Dancers gather in a huge round and trade partners, passing them down the circle in elaborate turns with names like "el besito" (the little kiss), or "el sombrero" (the hat).
In Miami, nightclubs where the party starts at 9 are dubbed "early vibe." Most spots are empty until about midnight, and don't close until 5 a.m. Bouncing from club to club, you can keep going until lunchtime - a period club promoters call "after hours." Five nights a week a lively salsa scene is taking place somewhere in the city.
Bachata, merengue, and the ubiquitous reggaeton have taken a bite out of salsa's market share in local clubs. Nonetheless, the salsa circuit, with its live bands, still packs dance floors around the city. Add to that some of the best-known teachers and schools in the country, and you have the makings of a rewarding long weekend of dancing.
"Our style is more social," says Rene Gueits, an instructor whose Salsa Lovers school in the Olympia Heights neighborhood is one of the city's oldest. Unlike the flashier New York or West Coast styles, in Miami, Gueits says, "You can dance with any girl. As long as she has a good beat, you can lead her into anything."
Gueits is talking about dance steps that people from New York and Los Angeles come to learn, with turns that mark the Miami style, he said. "What they want are our patterns. It's like putting on more beautiful clothes."
Salsa traces its roots to the spiritual dances of the Afro-Cuban religion called Santería. Henry Herrera's Salsa Racing studio is one of the city's institutions for classes, but Herrera himself devotes a large amount of his time to the ritual dances of Santería, into which he was born in Cuba.
On a fall afternoon in his bungalow on Miami's outskirts, he demonstrated parallels between salsa and dances performed in Santería rites. "People jumping in straight to salsa without learning rumba and Afro [Cuban] - that's why they don't have, what? - flavor," he said. "It's like learning to run before walking."
Herrera founded his first studio in 1995 and took the name Salsa Racing in 1999 because he and most of his instructors rode fast motorcycles. When they showed up at the now-defunct Starfish Nightclub wearing motorcycle gear and helmets, people would say, "Here come the salsa racers," he said.
Herrera talks easily about the evolution from Cuban forms of dance and music and their later iterations in Miami and New York.

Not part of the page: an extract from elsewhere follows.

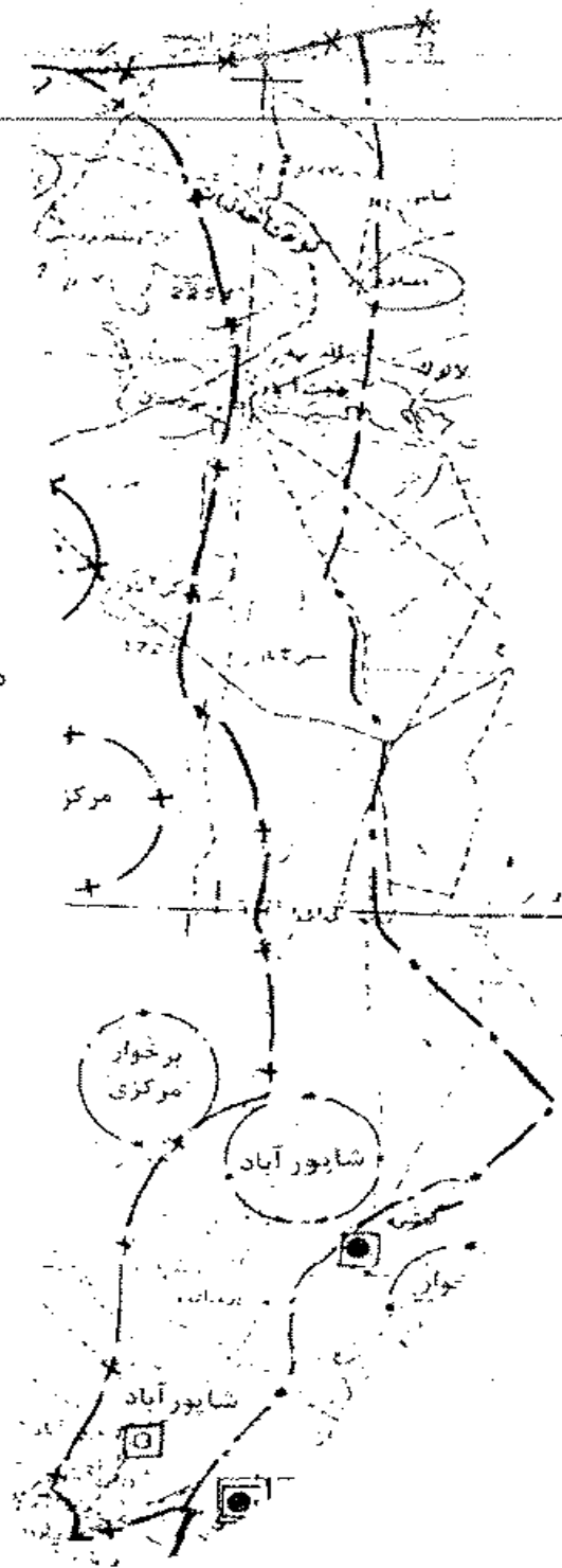
نقشه ۱:۲۵۰۰۰۰ ایجاد دهستان شاپورآباد تابع بخش برخوار شهرستان برخوار و میمه

But older generations of immigrant musicians and dancers are more hesitant, concerned about stoking political tension in any connections to their homeland, said Hunsul Lazo, owner of the massive record store Museo del Disco on Calle Ocho, Miami's Cuban boulevard.
For many refugees the generic "salsa," first used by Cuban musicians to describe the "flavor" in music, has been a politically comfortable replacement for terms like "Son Cubano," or "Habanero," which technically describe much of the typical Cuban-influenced salsa music, Lazo said.
But outside Museo del Disco, cultural and political boundaries are blurring in Miami's multiethnic Latin music scene, Lazo said. "The new guard is winning."